Provided material:
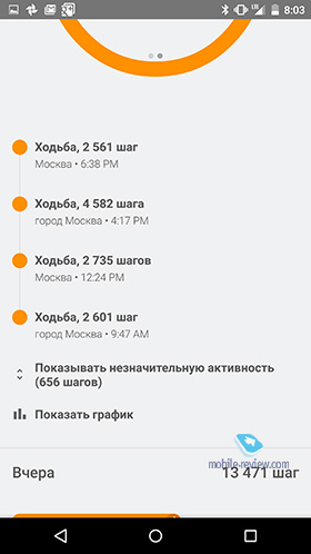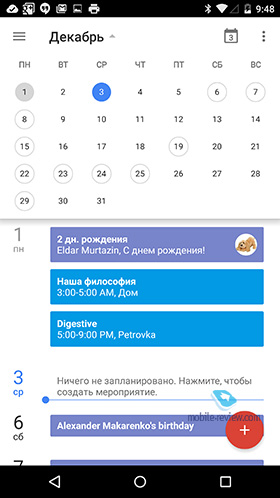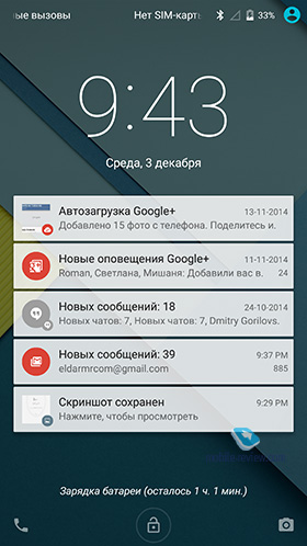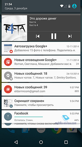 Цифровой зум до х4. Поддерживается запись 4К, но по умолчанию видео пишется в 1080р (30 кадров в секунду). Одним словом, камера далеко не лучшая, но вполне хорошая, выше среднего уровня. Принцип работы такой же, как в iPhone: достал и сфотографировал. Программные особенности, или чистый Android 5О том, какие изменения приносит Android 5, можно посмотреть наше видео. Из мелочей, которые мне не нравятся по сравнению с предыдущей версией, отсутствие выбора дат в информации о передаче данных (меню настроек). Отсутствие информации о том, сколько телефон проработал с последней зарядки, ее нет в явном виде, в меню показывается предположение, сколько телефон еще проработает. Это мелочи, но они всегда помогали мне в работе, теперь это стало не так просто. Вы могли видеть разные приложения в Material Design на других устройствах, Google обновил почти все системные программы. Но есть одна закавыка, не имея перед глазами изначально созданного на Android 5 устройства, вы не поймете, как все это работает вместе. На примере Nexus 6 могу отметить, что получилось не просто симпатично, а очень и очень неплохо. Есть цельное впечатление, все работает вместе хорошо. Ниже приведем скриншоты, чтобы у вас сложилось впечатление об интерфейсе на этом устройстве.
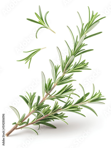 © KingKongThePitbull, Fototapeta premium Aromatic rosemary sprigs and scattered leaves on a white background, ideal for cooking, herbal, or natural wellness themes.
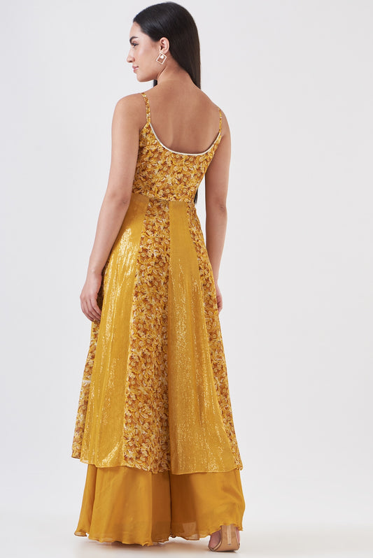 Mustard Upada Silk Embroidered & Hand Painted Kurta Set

What is needed: What you give back must be the data above, reproduced exactly and free of pictures.

Result of this task:
 Цифровой зум до х4. Поддерживается запись 4К, но по умолчанию видео пишется в 1080р (30 кадров в секунду). Одним словом, камера далеко не лучшая, но вполне хорошая, выше среднего уровня. Принцип работы такой же, как в iPhone: достал и сфотографировал. Программные особенности, или чистый Android 5О том, какие изменения приносит Android 5, можно посмотреть наше видео. Из мелочей, которые мне не нравятся по сравнению с предыдущей версией, отсутствие выбора дат в информации о передаче данных (меню настроек). Отсутствие информации о том, сколько телефон проработал с последней зарядки, ее нет в явном виде, в меню показывается предположение, сколько телефон еще проработает. Это мелочи, но они всегда помогали мне в работе, теперь это стало не так просто. Вы могли видеть разные приложения в Material Design на других устройствах, Google обновил почти все системные программы. Но есть одна закавыка, не имея перед глазами изначально созданного на Android 5 устройства, вы не поймете, как все это работает вместе. На примере Nexus 6 могу отметить, что получилось не просто симпатично, а очень и очень неплохо. Есть цельное впечатление, все работает вместе хорошо. Ниже приведем скриншоты, чтобы у вас сложилось впечатление об интерфейсе на этом устройстве.
 © KingKongThePitbull, Fototapeta premium Aromatic rosemary sprigs and scattered leaves on a white background, ideal for cooking, herbal, or natural wellness themes.
 Mustard Upada Silk Embroidered & Hand Painted Kurta Set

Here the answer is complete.